Find the coefficient of x³ in the expansion of (2x+5)^6
From your last question:
a^6 + 6 a^5 b + 15 a^4 b^2 + 20 a^3 b^3 + 15 a^2 b^4 + 6 a b^5 + b^6
Here a = 2x
and
b = 5
so if you are looking for the x^3 term, it is found in the middle
or
20 a^3 b^3
or
20 * (2x)^3 * 5^3
= 20 * 8 * 125 x^3
=20,000 x^3
To find the coefficient of a specific term in a binomial expansion, we can use the binomial theorem formula. The formula for the binomial theorem is:
(x + y)ⁿ = nC₀ * xⁿ * y⁰ + nC₁ * xⁿ⁻¹ * y¹ + nC₂ * xⁿ⁻² * y² + ... + nCₙ * x⁰ * yⁿ
Here, n is the power to which the binomial (x + y) is raised, and the coefficients nC₀, nC₁, nC₂, ..., nCₙ are the binomial coefficients.

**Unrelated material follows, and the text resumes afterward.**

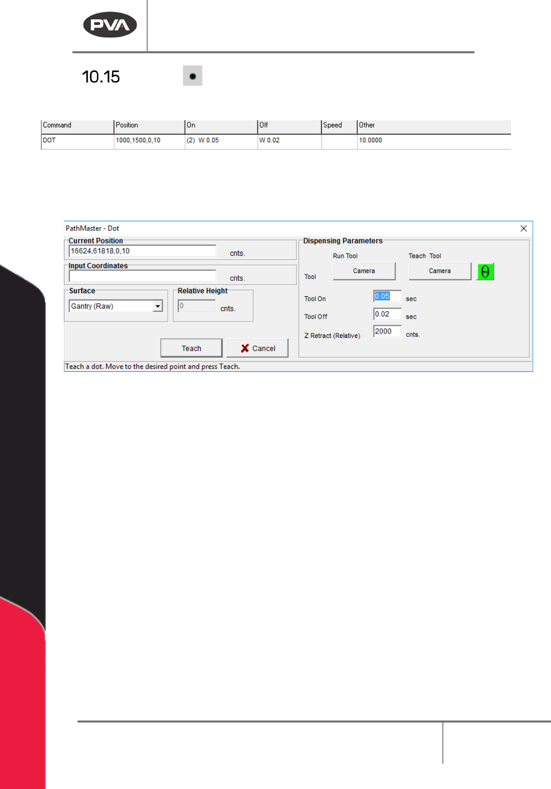 6. Select “Teach” to save the command, or “Cancel” to exit and not save the

In the given expression (2x + 5)⁶, we need to find the coefficient of x³. It means we need the term where the x term has a power of ³.
Using the binomial theorem formula, we can see that the coefficient of x³ would be 6C₃.
To calculate 6C₃, we will use the formula for binomial coefficient:
nCₓ = n! / (x! * (n - x)!)
where "!" denotes a factorial.
So, to find 6C₃, we have:
6C₃ = 6! / (3! * (6 - 3)!)
Simplifying this expression gives:
6C₃ = 6! / (3! * 3!)
= (6 * 5 * 4 * 3!)/ (3! * 3)
= (6 * 5 * 4) / 3
Calculating further, we get:
6C₃ = (120) / 3
= 40
Therefore, the coefficient of x³ in the expansion of (2x + 5)⁶ is 40.